The training module 268 of the prediction module 264 can generate rules stored at the data store 270C for predicting and determining the degree of likelihood associated with the task performed by the user for the particular context. For example, the machine learning or artificial intelligence system of training module 268 can analyze the context information acquired by context module 262 and stored at data store 270B and identify associations with user information stored at data store 270A. The types of machine learning systems used by training module 268 include Bayesian networks, neural networks, and other types of artificial intelligence models. For example, training module 268 may develop a table of computing device groups for each computing device 110 or sharing similar contexts and having users performing similar actions at similar contexts per row. Based on the association between the context information and the action, training module 268 may develop rules for predicting future actions or current actions performed by a user of the computing device for a particular context.

In operation, the ISS 260 may predict future actions to be taken by a user of the computing device, such as attending an event at a future time. For example, the prediction module 264 may query the context module 262 for updates regarding the predicted location or expected context of the computing device 100 the next day, next hour, next week, etc. Prediction module 262 may receive as output an indication that a user of a computing device will be attending an opera event, movie, meeting, or other appointment or event the next day (e.g., sunday).

ISS 260 may determine the current action taken by the user based on context information associated with the computing device. For example, by chance, prediction module 264 may query context module 262 for the current context of computing device 110 and determine whether the current action likely to be performed in the current context is compatible with or contradicts the user's ability to perform future actions to take part in operas, movies, meetings, or other appointments the next day by using one or more of the rules stored at action rules data store 270C. The prediction module may input the current context into the action rules data store 270C and receive as output an indication that the user of the computing device 110 is taking preparatory actions to prepare for the participation event at a future time by traveling to or having arrived at a local dry cleaner and deducing that the user is likely to place laundry to be dry cleaned in a dry cleaner wash for the next day participation event.

The ISS 260 may determine a degree of likelihood of whether the user is able to take future actions based on the current actions. For example, the prediction module 264 can output the current context, the previously determined future context, the current action, and the expected or future action into the action rules data store 270C and receive an indication of whether the user should be able to place their laundry for dry cleaning required for the next day event in a dry cleaner wash and still be able to attend the next day event to the extent of likelihood. Action rule data store 270C may decrease the likelihood in response to determining that the preparatory action cannot be completed within a threshold time of the future time and then output the likelihood. For example, because the dry cleaning shop is not open on the next day, the user will not be able to remove the laundry he is dry cleaning for the event, so action rules data store 270C may output a low likelihood (e.g., less than 50% probability).

ISS 260 may predict whether the user is able to take future actions based on the degree of likelihood and send information to computing device 110 indicating that the current action taken by the user will result in the user not being able to take future actions. For example, in view of the low likelihood, prediction module 264 can generate notification data that ISS 260 can send to computing device 110 to alert the user that the user is not open on the day of the event due to the dry cleaning store in which the user is located, which may be making an avoidable mistake by placing the laundry for the next day of participation in the event in the dry cleaning store for cleaning.

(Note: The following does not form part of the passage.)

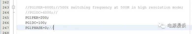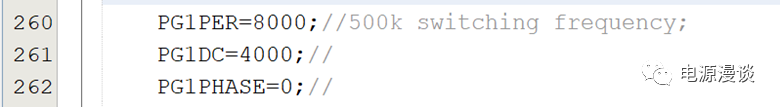在数字电源设计中,为了尽可能的利用处理器的最大字长,即16位的Q15整数对应+32767为最大字长,除了采用Q15格式表示线性差分方程系数之外,还需对它进行一系列的缩放操作(这一部分内容我们放在后面的话题中进行讨论)。如果采用Q15进行线性差分方程系数的定义,那么通过调用环路计算函数2P2Z或者3P3Z产生的结果(周期或者占空比)也将以Q15的范围进行限制,即最大限制为0x7FFF,即32767,如果考虑到电源设计中对最大占空比的限制,这个值将被设置的更小。所以在500M频率下使能PWM的高精度HREN=1的模式时,最大分辨率为250pS时,对应最大周期为8.191uS,即122kHz,如果最大周期高于8.191uS,或者开关频率低于122k,在闭环设计中就不能采用Q15格式进行计算,用户需要对环路补偿器的运算及线性差分方程系数定义做适当变化。

In some examples, ISS 260 may determine that a user may take corrective action to increase the degree of likelihood of whether the user is able to take future actions, and the information sent to computing device 110 indicating that the current action taken by the user will result in the user being unable to take future actions may include an indication of the corrective action. For example, prediction module 264 can perform a search (e.g., an internet search) for dry cleaning stores located near the current location of computing device 110 that are open on sunday (e.g., the day of the event) and suggest that the user travel to one of these other dry cleaning stores instead.

FIG. 3 is a conceptual diagram illustrating an example navigation scenario in which an example computing system, such as information server system 160 of FIG. 1 or information server system 260 of FIG. 2, predicts whether a user of a computing device, such as computing device 110 of FIG. 1, is able to take future actions in accordance with one or more aspects of the present disclosure. FIG. 3 is described below within the context of the system 100 of FIG. 1, where the computing device 310 is an example of the computing device 110 of FIG. 1.

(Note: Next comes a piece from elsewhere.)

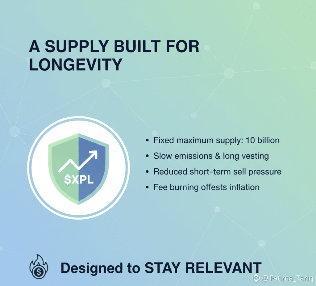 XPL has a fixed maximum supply of 10 billion. Emissions are slow, with long vesting schedules—reducing short-term sell pressure and encouraging long-term participation. Parts of the fee model are burned, helping offset inflation as network usage grows.This isn’t a token designed to spike fast. It’s designed to stay relevant.

In the example of fig. 3, context module 162 of ISS 160 may determine that computing device 310 is at current location 301 at the current time and that the future context of computing device 310 places computing device 310 at future location 303 at the future time (e.g., three hours after the current time). Fig. 3 illustrates paths 304A, 304B, 304C, and 304D that a user of computing device 310 may begin traveling from location 301 to 303.

Path 304A is approximately 4 distance units in length and it will take approximately two hours of travel time for the user of computing device 310 to travel from location 301 to 303. Path 304A intersects location 302A. Path 304B is approximately 5 distance units in length and it will take approximately two and a half hours of travel time for the user of computing device 310 to travel from location 301 to 303. Path 304B intersects location 302B. The length of path 304C is approximately 6 distance units and it will take approximately three hours of travel time for the user of computing device 310 to travel from location 301 to 303. Path 304C intersects location 302C. Path 304D also intersects location 302C. However, the length of path 304D is approximately 8 distance units and it will take approximately four hours of travel time for the user of computing device 310 to travel from location 301 to 303.

In one example, as computing device 310 moves along the trajectory of path 304A toward location 302A, context module 162 of ISS 160 may detect the movement associated with computing device 310 and send the updated current context associated with computing device 310 to prediction module 164. The prediction module 164 may determine a degree of likelihood of whether the user of the computing device 310 can reach the location 303 before the future time by traveling toward the location 302A at the current time. For example, prediction module 164 may determine an estimated time of arrival for the user of computing device 310 to reach future location 303 after traveling from location 301 to location 302B. The prediction module 164 may increase the degree of likelihood in response to determining that the estimated time of arrival is within a threshold time of the future event (e.g., within an acceptable tolerance of the arrival location 303 to arrive at the user on time). For example, prediction module 164 may determine that path 304A taken directly to location 302A, the user of computing device 310 will certainly still arrive at location 303 on time.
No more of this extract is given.